• YOUR OBJECTIVE: Give the listing again exactly, skipping any pictures it holds.

• SOURCE DATA:
**********
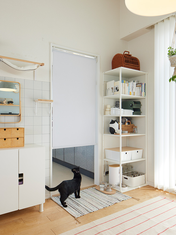 1台で2つのスクリーンを個別に操作できる「セパレートタイプ」で、キャットタワーの周辺だけ開けられるようにしました。
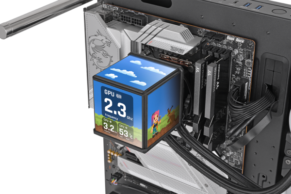 本製品をひと言で表すなら、“CPUクーラーの常識を軽々と超えてきた存在”。ポンプヘッド部分に4面ディスプレイを搭載し、まるで小型サイネージのように情報や映像を表示できるという、インパクト重視にもほどがある構成です! PCケースを開けた瞬間、まず視線を奪われるのは間違いありません。初見では「ここまでやる必要あるか?」と正直に感じてしまうほどのロマン溢れるパーツでしょう!
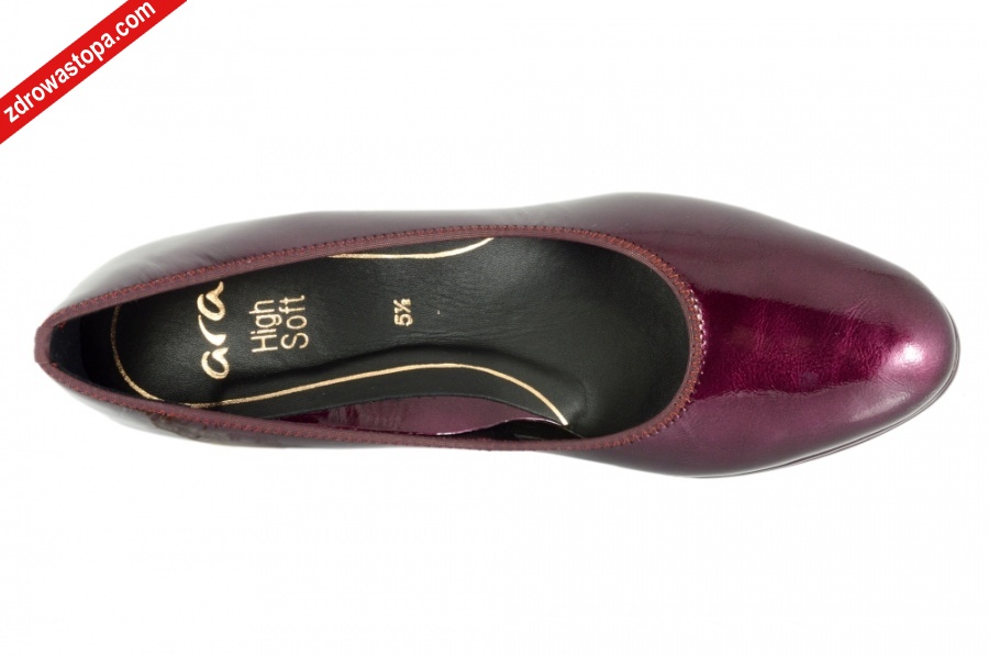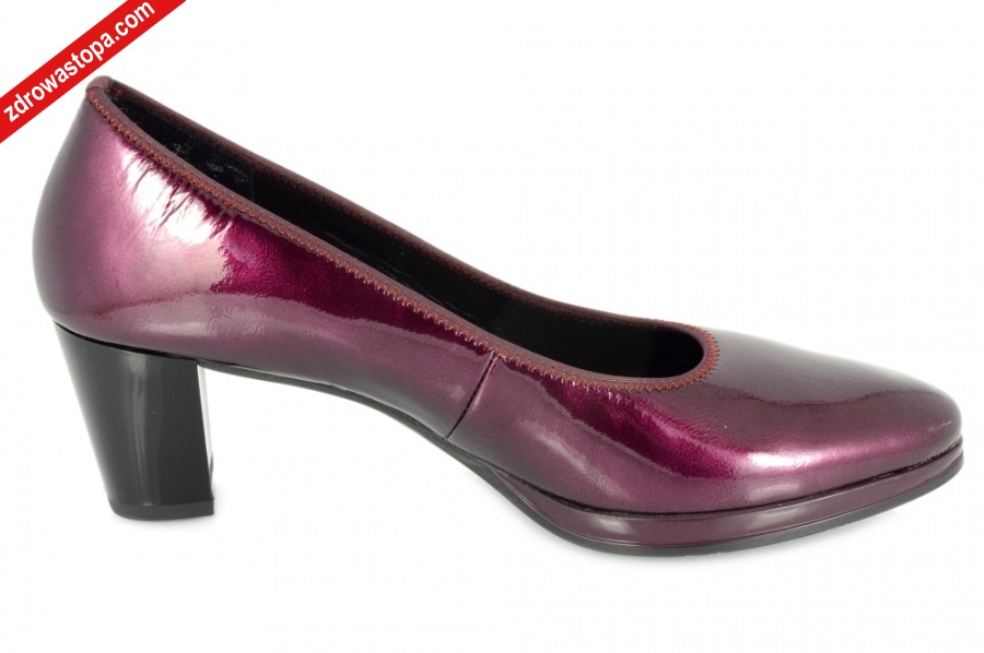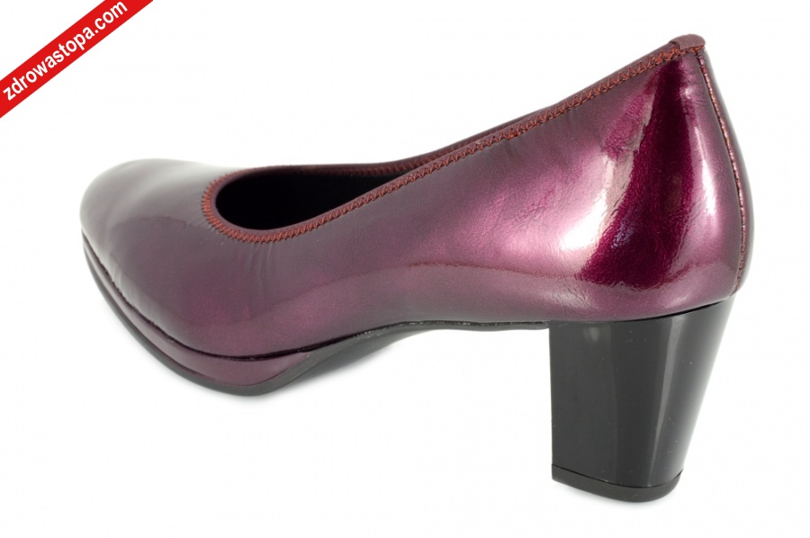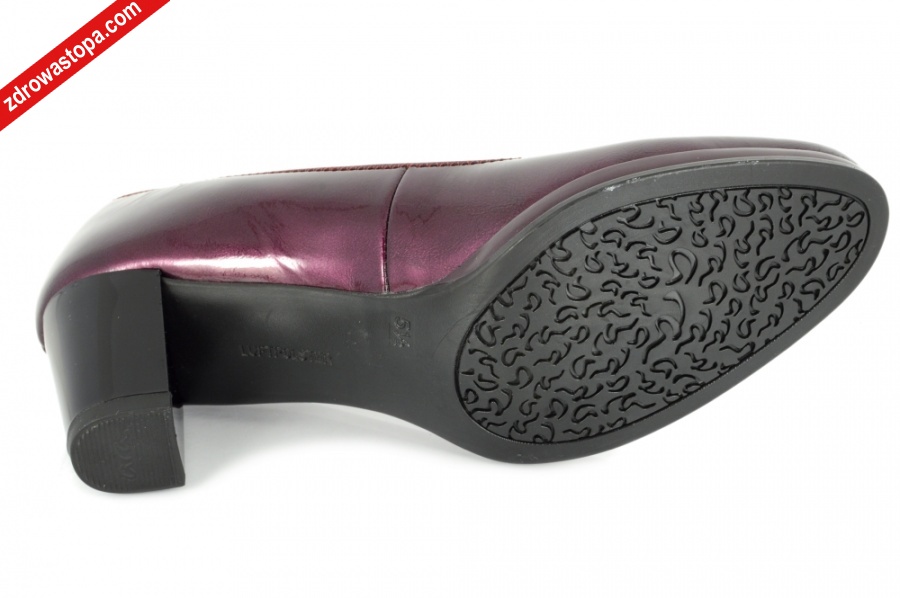 Typ: czółenka Kolor: bordowy – chilli Materiał wierzchni: naturalna skóra lakierowana Wnętrze buta: skóra naturalna Dodatkowe informacje: Wykonane z miękkiej skóry, skórzana wkładka HIGH SOFT, podeszwy elastyczne i antypoślizgowe. Wysokość obcasa 50 mm
**********
• OUTPUT OF THE TASK:
 1台で2つのスクリーンを個別に操作できる「セパレートタイプ」で、キャットタワーの周辺だけ開けられるようにしました。
 本製品をひと言で表すなら、“CPUクーラーの常識を軽々と超えてきた存在”。ポンプヘッド部分に4面ディスプレイを搭載し、まるで小型サイネージのように情報や映像を表示できるという、インパクト重視にもほどがある構成です! PCケースを開けた瞬間、まず視線を奪われるのは間違いありません。初見では「ここまでやる必要あるか?」と正直に感じてしまうほどのロマン溢れるパーツでしょう!
 Typ: czółenka Kolor: bordowy – chilli Materiał wierzchni: naturalna skóra lakierowana Wnętrze buta: skóra naturalna Dodatkowe informacje: Wykonane z miękkiej skóry, skórzana wkładka HIGH SOFT, podeszwy elastyczne i antypoślizgowe. Wysokość obcasa 50 mm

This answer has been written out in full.